A Larmanjat tram at Portas do Rego, 1873

The Larmanjat was a monorail system invented by the french engineer Jean Larmanjat (1826-1895). The system was made of a central vignola type iron rail and at both sides longitudinal wooden sleepers about 60 cm from the central rail. This system was adopted by “The Lisbon Steam Tramways Company ltd“. Locally the system was called “Companhia de Tramway a Vapor“, but commonly known as the Larmanjat. The lines used the existing roads from Lisboa to Sintra and Torres Vedras.

Sharp, Stewart & co. works photo of locomotive “Lisboa” built for the Larmajat

It was operated with 16 steam locomotives built by Sharp, Stewart and company with coaches and wagons from Brown and Marshalls in Birmingham. The steam locomotives had a pair of driving wheels running on the longitudinal wooden sleepers, while the locomotives were guided with double flanged wheels assembled in bogies and running on the central rails. The coaches and wagons had two double flanged wheels that were supposed to carry most of the weight and two, smaller normal wheels at the sides running on the longitudinal sleepers to prevent tumbling over. The passengers sat back to back on longitudinal benches to concentrate the weight to the centre. Boarding was through doors at the sides.

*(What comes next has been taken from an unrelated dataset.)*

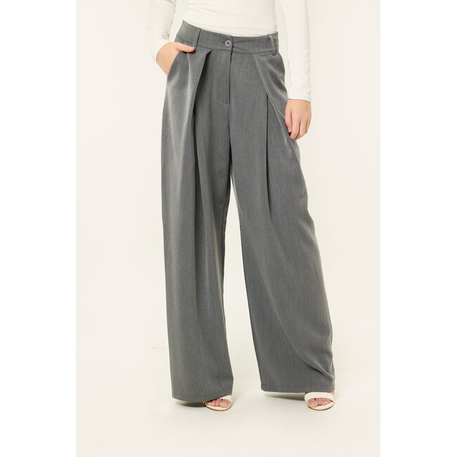 Deze grijze wide leg pantalon geeft je outfit meteen een vrouwelijke en stijlvolle look. De plooien aan de voorkant en de wijde pijpen zorgen voor een mooie pasvorm en een trendy look, terwijl de broek comfortabel draagt.

Drawings of a Larmanjat coach

The Lisboa terminus was at Portas do Rego (São Sebastião da Pedreira). Plans to extend the lines to Intendente, closer to the city centre, were never realised. The line to Sintra was officially inaugurated on 2 July 1873 and started commercial services on 5 July. The line was about 27 km long and the trips were scheduled to take about 2h10′. On 6 September 1873 the about 54 km long line to Torres Vedras was opened. For this line the trips were scheduled to take about 4h20′. The Sintra line was foreseen to transport mainly passengers with about two or three passenger trams daily and one freight or mixed passengers/freight tram. For the Torres Vedras line the transport of freight was the most important with normally two freight and two mixed trams daily.

The high expectations were not fulfilled. The trams often had problems to ascend the gradients, especially with bad weather. The trams also derailed often, making reliable service almost impossible. As a result the trams often ran late, sometimes Lisboa – Sintra took seven hours and Lisboa – Torres Vedras over ten hours. With this poor performance the contemporary common type animal drawn road vehicles could easily beat the Larmanjat competition. All efforts to improve matters didn’t work out and on 8 April 1875 the Larmanjat services were suspended. Twelve years later broad gauge railways were opened from Lisboa to both Sintra and Torres Vedras.